BSG, Beschluss vom 13.10.2020 - Aktenzeichen B 1 KR 41/20 B

DRsp Nr. 2020/17414

Erstattung von Fahrtkosten zu einer ambulanten Behandlung Verfahrensrüge im Nichtzulassungsbeschwerdeverfahren

Tenor

Die Beschwerde der Klägerin gegen die Nichtzulassung der Revision im Beschluss des Landessozialgerichts Niedersachsen-Bremen vom 30. April 2020 wird als unzulässig verworfen.

Kosten des Beschwerdeverfahrens sind nicht zu erstatten.

Normenkette:

SGG § 160 Abs. 2 Nr. 3 ;

Gründe

I

Die Beteiligten streiten über die Erstattung von Fahrtkosten zur ambulanten Behandlung.

Die 1951 geborene Klägerin ist bei der Beklagten krankenversichert.
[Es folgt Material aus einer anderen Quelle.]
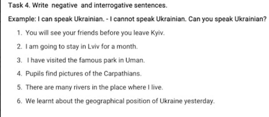 6. Yesterday we did not learnt about the geographical position in Ukraine. Yesterday you learnt about the geographical position in Ukraine?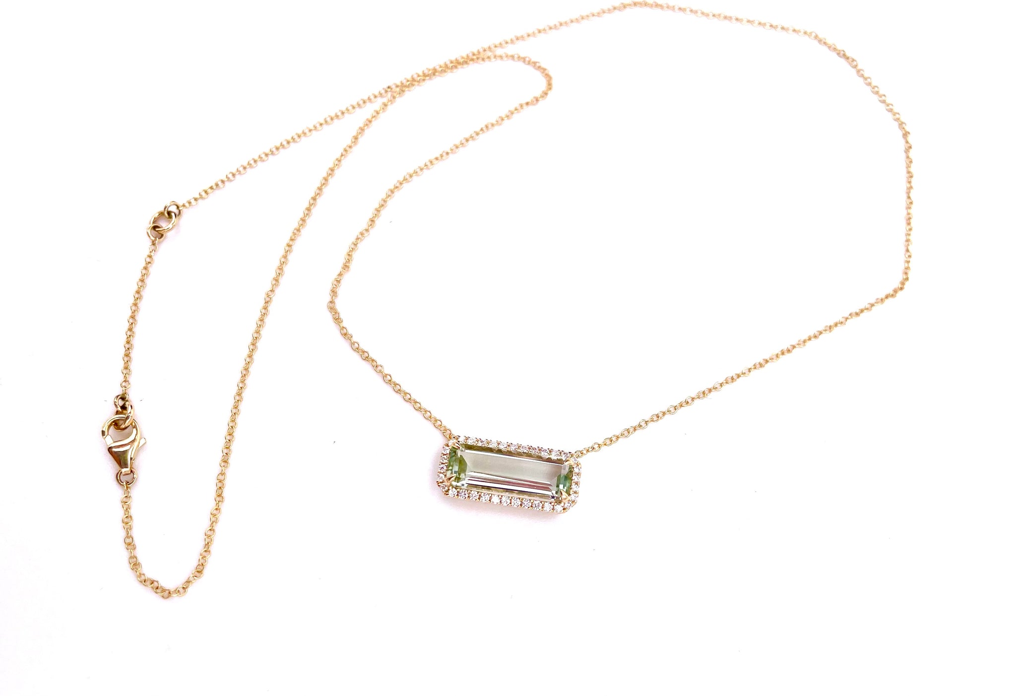 This pretty east west necklace features a 2.30 carat green amethyst that is accented by .17 carats of diamonds.  It is all set in 14K yellow gold, retail price $2850.00

Sie leidet seit 2007 an einem Blepharospasmus in Form einer Lidapraxie (unwillkürlicher, sich wiederholender erhöhter Lidschluss mit Lidkrämpfen) an beiden Augen und nimmt dafür Behandlungen im Universitätsklinikum G in Anspruch (etwa alle zwei Monate Botoxsprechstunde). Ihre Anträge auf Übernahme bzw Erstattung von Fahrtkosten zu diesen Behandlungen lehnte die Beklagte ab. Die dagegen gerichteten Klagen sind in beiden Vorinstanzen ohne Erfolg geblieben ( SG -Urteil vom 27.5.2019; LSG-Beschluss vom 30.4.2020). Das LSG hat zur Begründung seiner Entscheidung ausgeführt, die Klägerin könne Fahrtkosten nicht beanspruchen, weil die Voraussetzungen des § 60 Abs 1 Satz 3 SGB V iVm den Vorschriften der Richtlinie über die Verordnung von Krankenfahrten, Krankentransportleistungen und Rettungsfahrten nach § 92 Abs 1 Satz 2 Nr 12 SGB V (Krankentransport-Richtlinie, KT-RL) nicht vorlägen. Es seien weder ein besonderer Ausnahmefall nach § 8 Abs 2 KT-RL gegeben noch die durch die Vorschrift geforderte Behandlungsfrequenz. Auch die Voraussetzungen des § 8 Abs 3 KT-RL seien nicht erfüllt. Eine praktische Blindheit bzw erhebliche Einschränkung der Sehmöglichkeit bestehe ausweislich der Bescheinigung des behandelnden Arztes nur bei Nichtbehandlung. Dieser fiktive Erkrankungsverlauf sei nicht maßgeblich für die Frage erheblich eingeschränkter Mobilität.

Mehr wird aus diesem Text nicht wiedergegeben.